Chances of contracting flu or swine flu, or some seasonal influenza are much greater than the chances of getting the new Coronavirus. Consequently, if you have some variant of flu, then it might not be wise to make a beeline for some hospital treating numerous Coronavirus patients, when there is such a place and they have such patients. You are more likely to catch the disease at the hospital than anywhere else in Ukraine.
It is really hard to judge the mortality rate as many if not most who contract it, don't report it or seek medical treatment and only a few flu patients who report having been in China are probably tested with the very few test kits available.
There is a lot of bias in the media, though, because if you consider all forms of influenza, in the U.S., about 64,000 die of influenza each flu season. One person has died of Coronavirus this year, but that justifies a panic and regular flu does not.
Yes, in some form, the Coronavirus will eventually spread everywhere, but:
Any kind of Virus, particularly the sort we are discussing, mutates rapidly, and what eventually will spread successfully in Ukraine or the U.S. will not be the same as what is going on in Wuhan.
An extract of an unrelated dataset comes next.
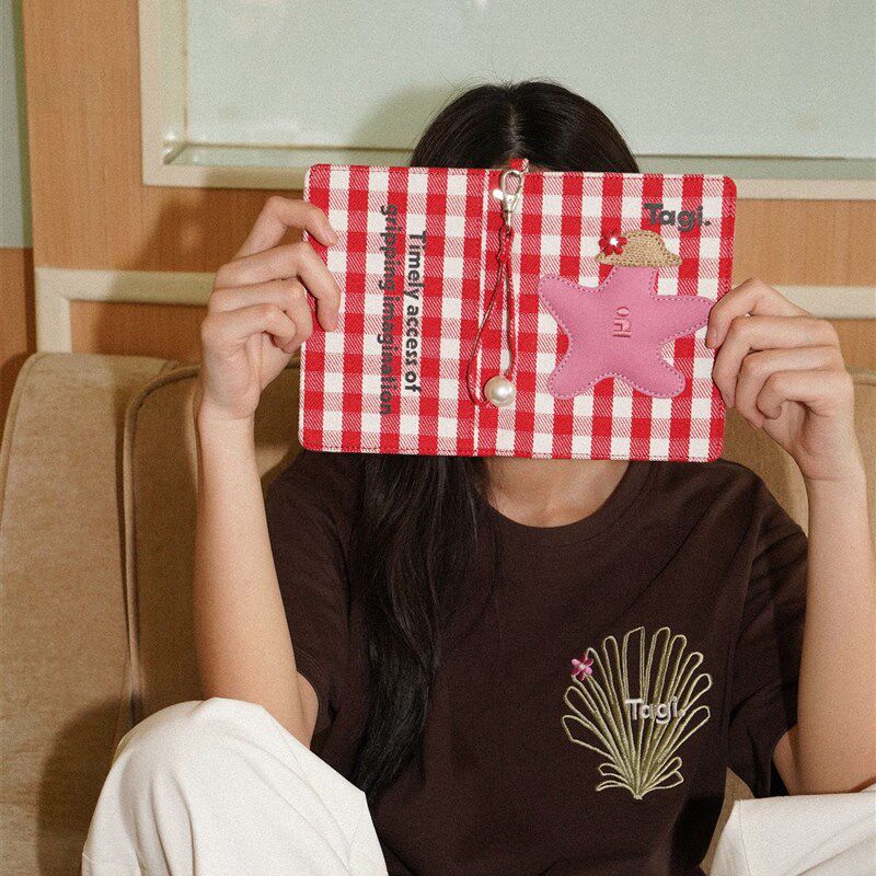 📚 Tagi. 24《塔皮星》想象海滩小花珍珠彩色格纹手提链条护照夹卡包
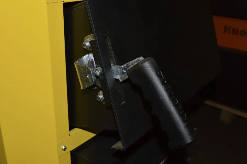 Горючее сырье загружается на водную колосниковую решетку. Процесс горения поддерживается воздухом, нагнетаемым вентилятором. Его работой управляет контроллер, постоянно замеряющий температуру теплоносителя. Котел на твердом топливе KRONAS UNIC-P 27 кВт самостоятельно поддерживает уровень температуры, заданный пользователем.

A rule of thumb is that viruses can either evolve to be more deadly or they can evolve to be more contagious, but not both. That's because natural selection favors viruses that do not kill their victims. Dead people are not the ideal Typhoid Mary(s) for a virus. So, the virus that killed people in Wuhan is more likely to be contained, and similar versions that are more likely to spread and less likely to kill are more likely to make it to Ukraine or to America. The chances of a weak form dominating, increase with time. So, while we will all get Coronavirus, by the time it gets to us, it is probably going to be weaker. In 1.5 years vaccines will be widely available. Some laboratories have already made test batches of vaccine and will begin testing shortly. Many countries will be testing vaccines within a few weeks. The U.S. has already created a vaccine and it might be rushed to approval in just a year and a half or so. Other countries with less burdensome regulation, like Israel, might have a vaccine on the market, in small batches, in less than six months. Once an even moderately effective vaccine is available to even just the elderly, the crisis is over in the country that distributes it.